DATA RECORDS:
+++++

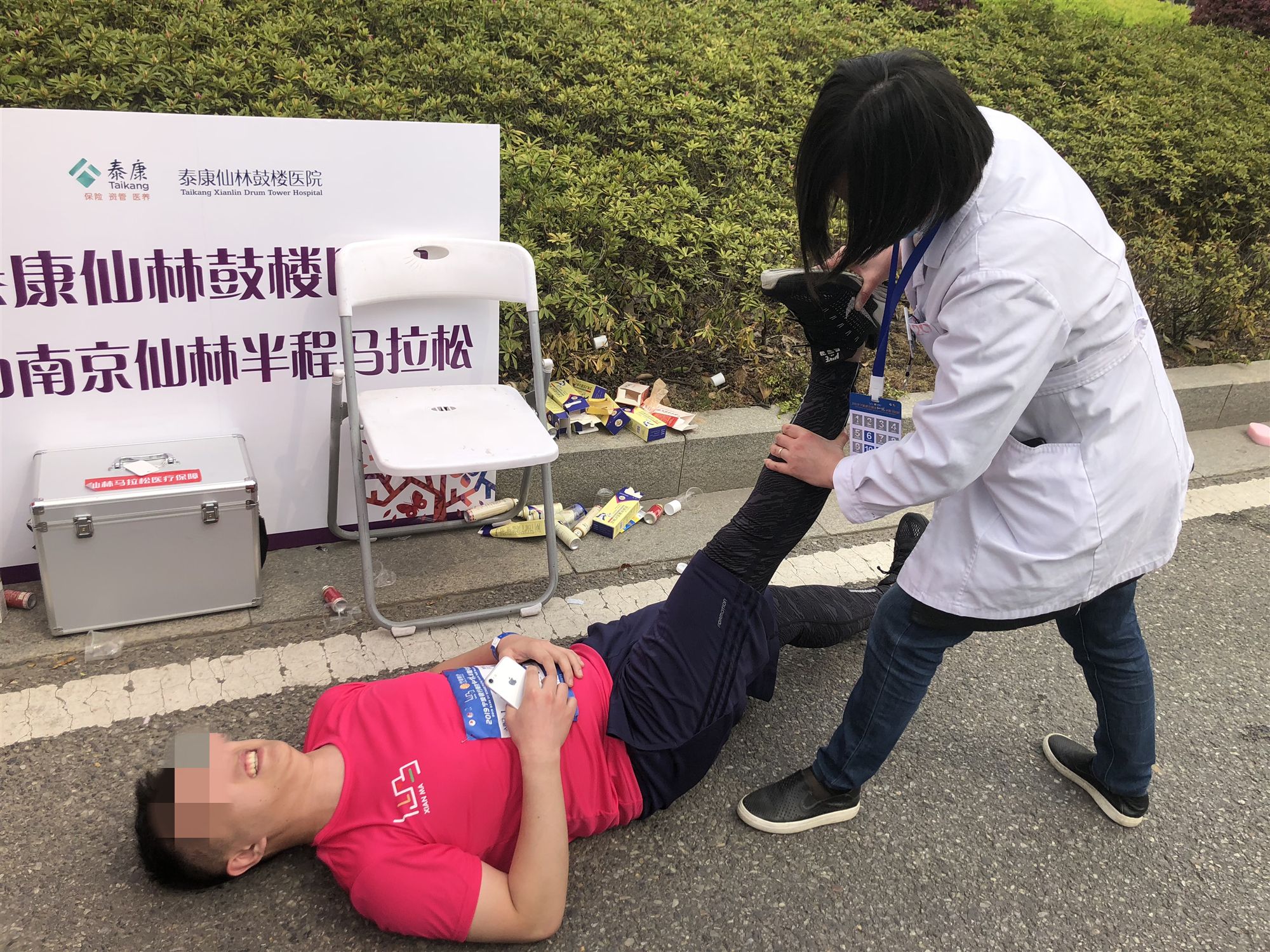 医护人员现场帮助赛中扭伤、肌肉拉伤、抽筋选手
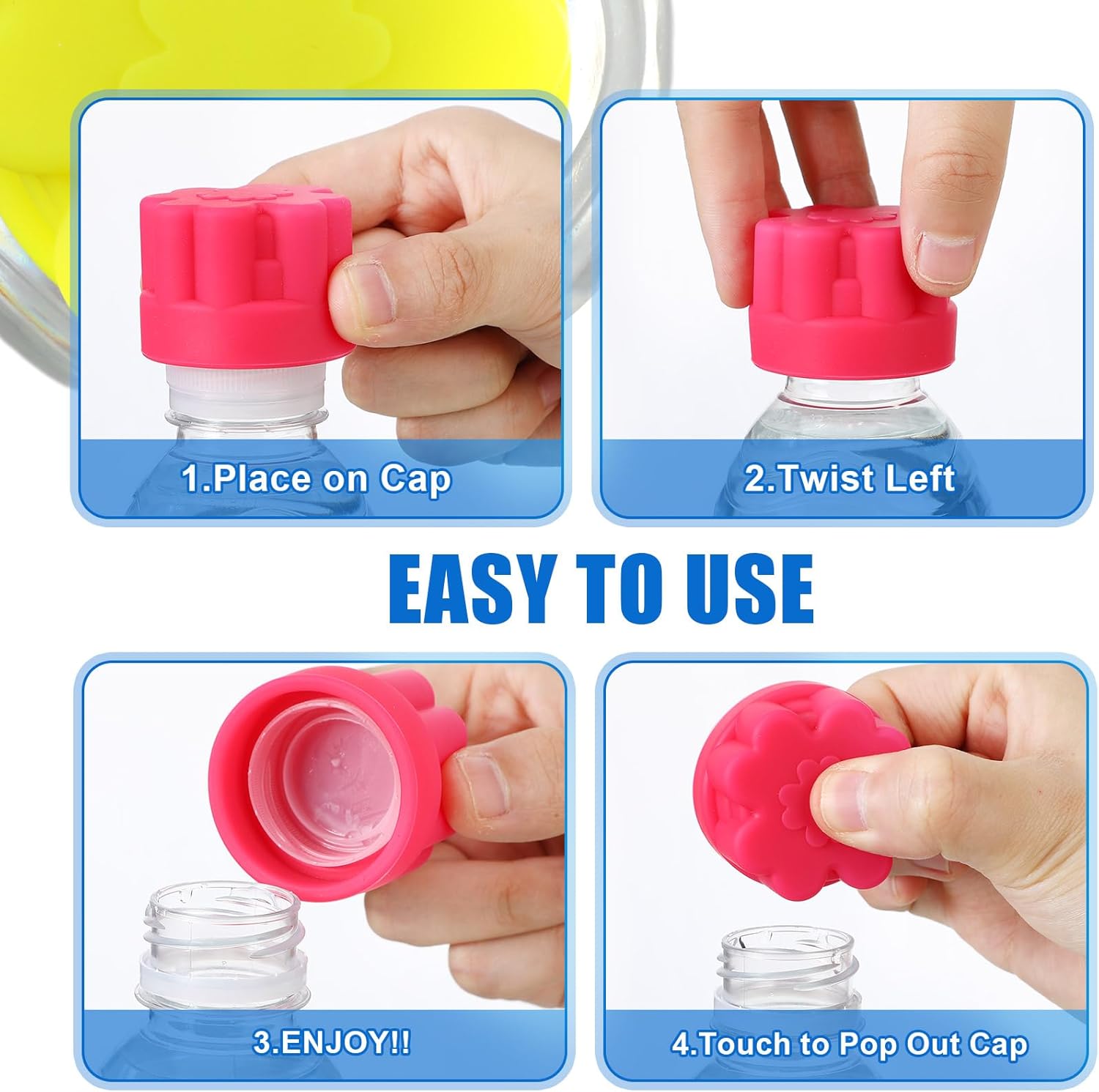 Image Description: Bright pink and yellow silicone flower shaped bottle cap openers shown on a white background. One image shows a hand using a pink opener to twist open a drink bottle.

+++++

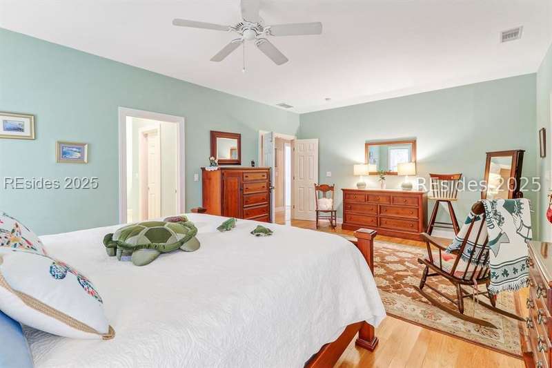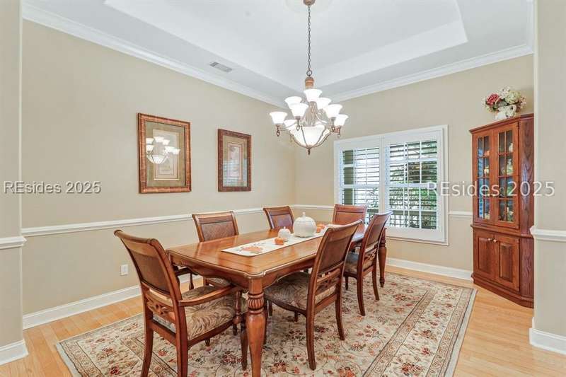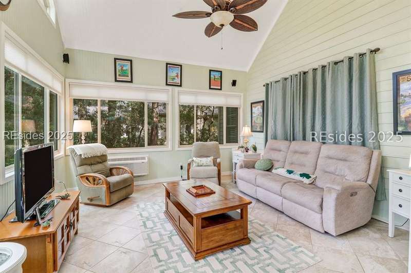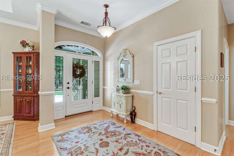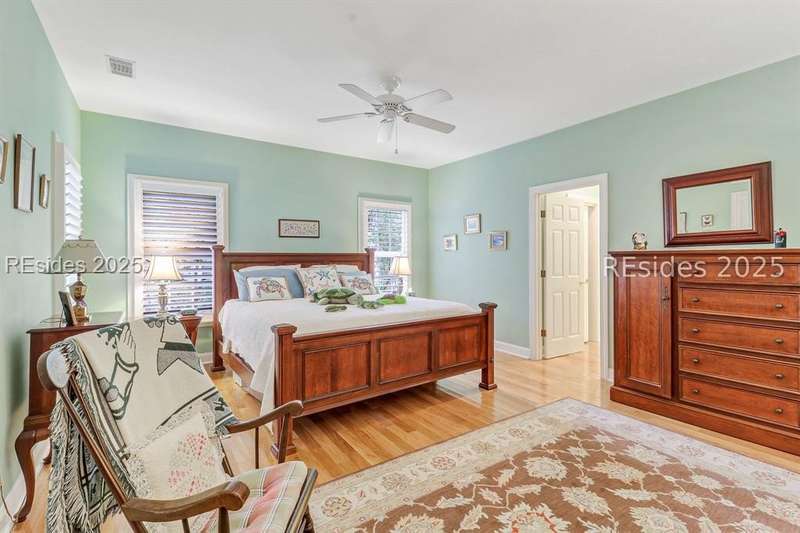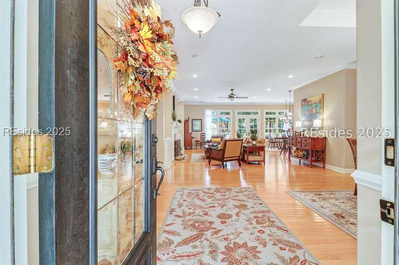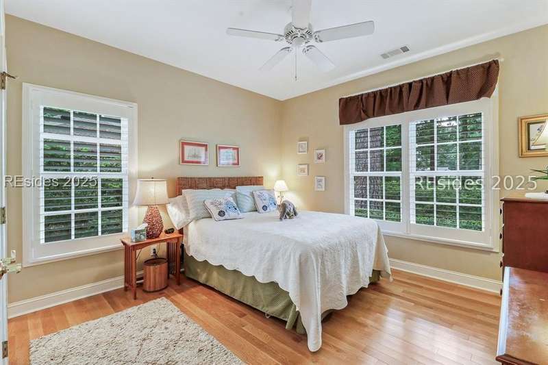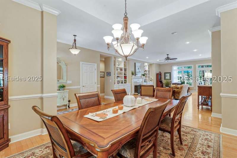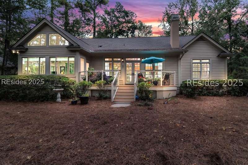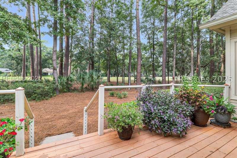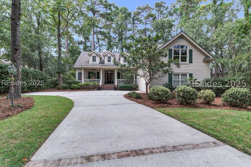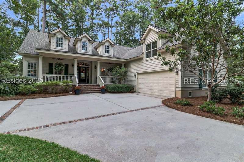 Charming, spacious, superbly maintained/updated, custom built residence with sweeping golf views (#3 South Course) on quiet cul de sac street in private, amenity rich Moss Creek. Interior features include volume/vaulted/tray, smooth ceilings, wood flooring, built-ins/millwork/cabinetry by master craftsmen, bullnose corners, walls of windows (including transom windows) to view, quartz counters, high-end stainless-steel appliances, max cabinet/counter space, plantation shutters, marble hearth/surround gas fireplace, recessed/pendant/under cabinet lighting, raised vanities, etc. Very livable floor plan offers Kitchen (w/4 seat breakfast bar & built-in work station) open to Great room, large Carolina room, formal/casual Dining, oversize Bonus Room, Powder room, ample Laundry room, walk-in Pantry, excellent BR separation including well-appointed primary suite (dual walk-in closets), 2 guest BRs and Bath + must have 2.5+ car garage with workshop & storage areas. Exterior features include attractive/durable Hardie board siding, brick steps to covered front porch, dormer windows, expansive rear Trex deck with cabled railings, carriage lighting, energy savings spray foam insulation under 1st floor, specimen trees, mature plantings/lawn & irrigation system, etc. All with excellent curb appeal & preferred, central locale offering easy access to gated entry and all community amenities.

+++++

ASSIGNED TASK: Among the entries above, take the lines from the one with "医护人员现场帮助赛中扭伤、肌肉拉伤、抽筋选手" through the one with "Image Description: Bright" and retype them exactly, leaving out the pictures.

SOLUTION TO THE EXERCISE:
 医护人员现场帮助赛中扭伤、肌肉拉伤、抽筋选手
 Image Description: Bright pink and yellow silicone flower shaped bottle cap openers shown on a white background. One image shows a hand using a pink opener to twist open a drink bottle.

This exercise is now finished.